──────── Supplied information

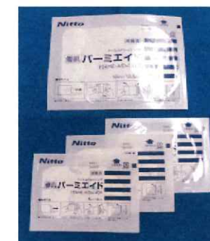
パーメイド フィルムドレッシング 防水テープ No.1413 10cm×13.5cm 1枚 241円 No.1409 6cm×9cm 3枚 355円
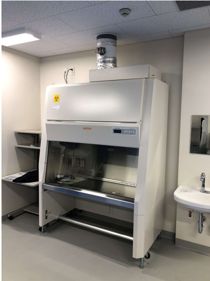
BHC-1310 II A2
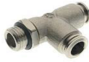
57226 - Döner TE
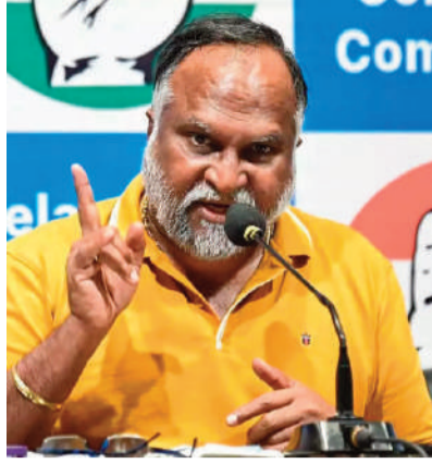
గాంధీ ఎంపీలను పంపించి పూర్తి వివరాలు సేకరించాలని సూచించారని తెలిపారు.

────────────────

### Problem requirements
Repeat the data word for word. Skip the pictures.

### Written response
パーメイド フィルムドレッシング 防水テープ No.1413 10cm×13.5cm 1枚 241円 No.1409 6cm×9cm 3枚 355円
BHC-1310 II A2
57226 - Döner TE
గాంధీ ఎంపీలను పంపించి పూర్తి వివరాలు సేకరించాలని సూచించారని తెలిపారు.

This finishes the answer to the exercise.